Article Preview
TopIntroduction
Vertical standards are specifications that focus on industry-specific product and service descriptions, data structures, definitions, and formats, and that formalize and codify business processes for participating organizations (Markus et al., 2003). Researchers have begun to acknowledge their uniqueness and to integrate various applicable research streams to the study of their development, adoption, diffusion, assimilation, and value across industries. Vertical standards are often implemented via the eXtensible Markup Language (XML), play a critical role in inter-organizational data-sharing (Hills, 2000; Lim & Wen, 2002), and are expected to yield more influence than any previous inter-organizational system (Wareham et al. 2005). The emerging body of literature focusing on vertical standards uses concepts of classical diffusion of innovations theory (DoI; Rogers, 1983), augmented with ideas from various other theoretical streams. DoI theory focuses on relatively simple technologies subject to voluntary binary adoption by individual users. However, vertical standards are complex technologies with an organizational adoption locus and subject to inter-organizational dependence (Fichman, 1992; Lyytinen & Damsgaard, 2001). Understanding the nature of the assimilation process for vertical standards requires the consideration of industry-level effects, along with factors shown to predict organizational adoption and diffusion of technology-based innovations.

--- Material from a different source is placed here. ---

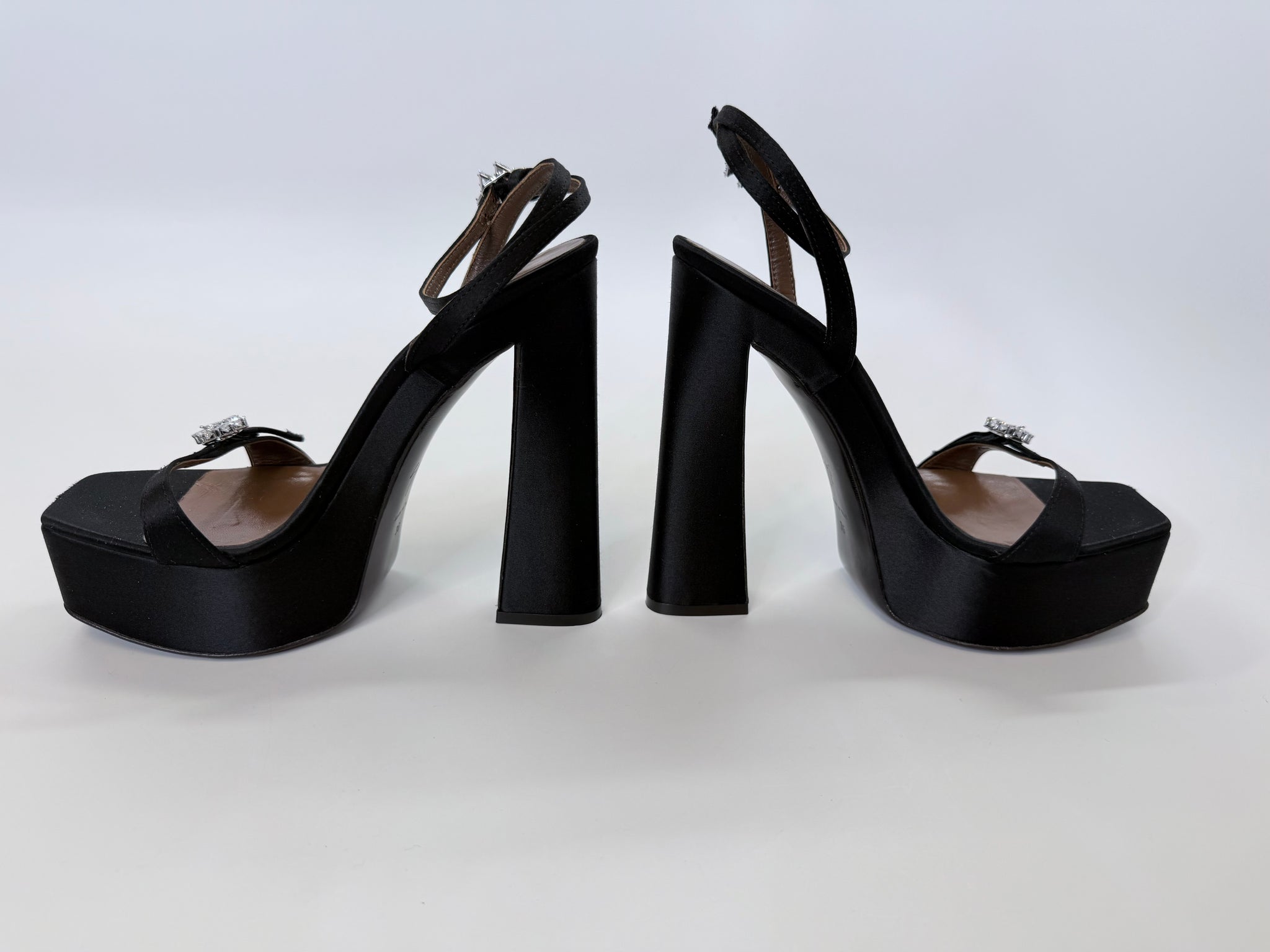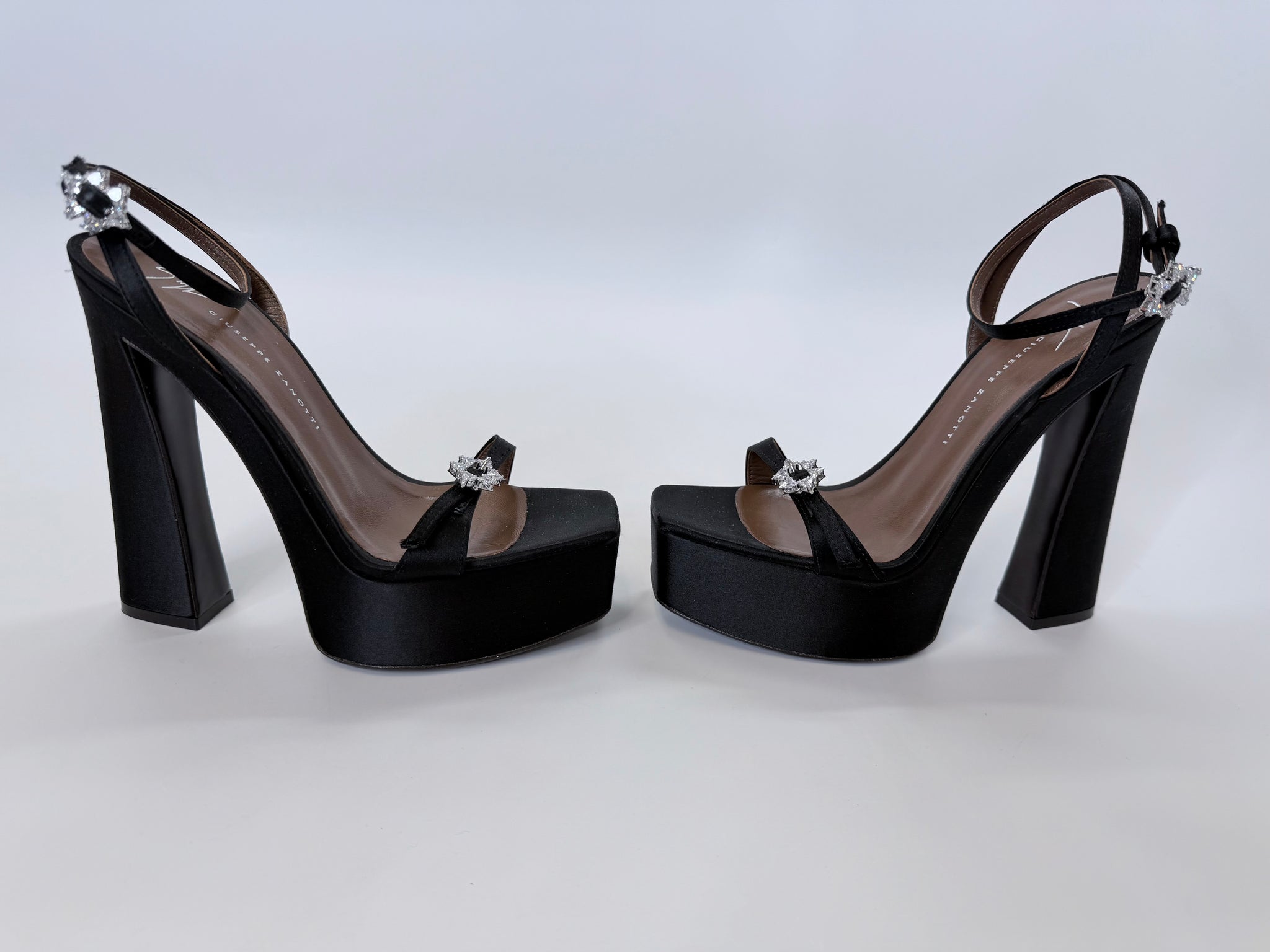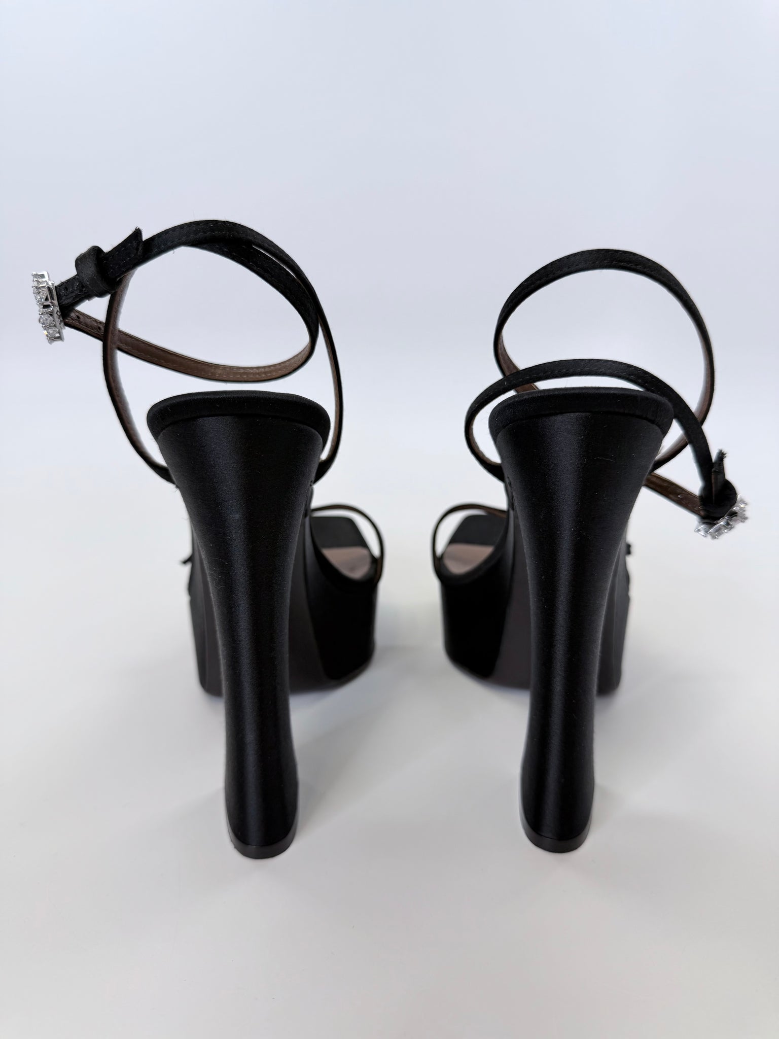 These are pre-owned Giuseppe Zanotti Himari black satin platform wedges. They feature silver metal hardware, crystals and adjustable ankle buckles for comfort.

Our research adds to our understanding of the vertical standards assimilation phenomenon by proposing and evaluating a two-level model of organizational assimilation based on both firm- and community-level effects. The model uses the three firm-level DoI concepts most consistently found to be significant in predicting technological adoption and diffusion (Premkumar et al., 1997; Tornatzky & Klein, 1982). At the community level, assimilation of complex networked technologies has been shown to be subject to network externalities (Wigand et al., 2005), which help technologies achieve the point of critical mass (Markus, 1987) at which a dominant platform emerges in a market. Network externalities have been shown to affect technology assimilation in various industries (Au & Kauffman, 2001; Kauffman et al., 2000). Thus, our model uses the concept of network externalities to develop the two community-level constructs labeled orphaning risk and standard legitimation.
To our knowledge, this is the first large-scale empirical study of organizational assimilation of vertical standards. The study was conducted with the ongoing collaboration of OASIS, a leading cross-industry standards-development organization (SDO), and of ACORD, the principal SDO for the insurance and financial services industries. Additionally, it is the first attempt to operationalize and measure the concepts of technology orphaning risk and standard legitimation as they relate to information technology (IT) assimilation. As previous research suggests, the changes with greatest longevity and impact will not be those inherent to the technology itself, but the behavioral changes the technology enables on a mass scale (Evans & Wurster, 1997). Understanding the factors that motivate the adoption and diffusion of vertical standards is critical to the understanding of any likely structural changes across industries.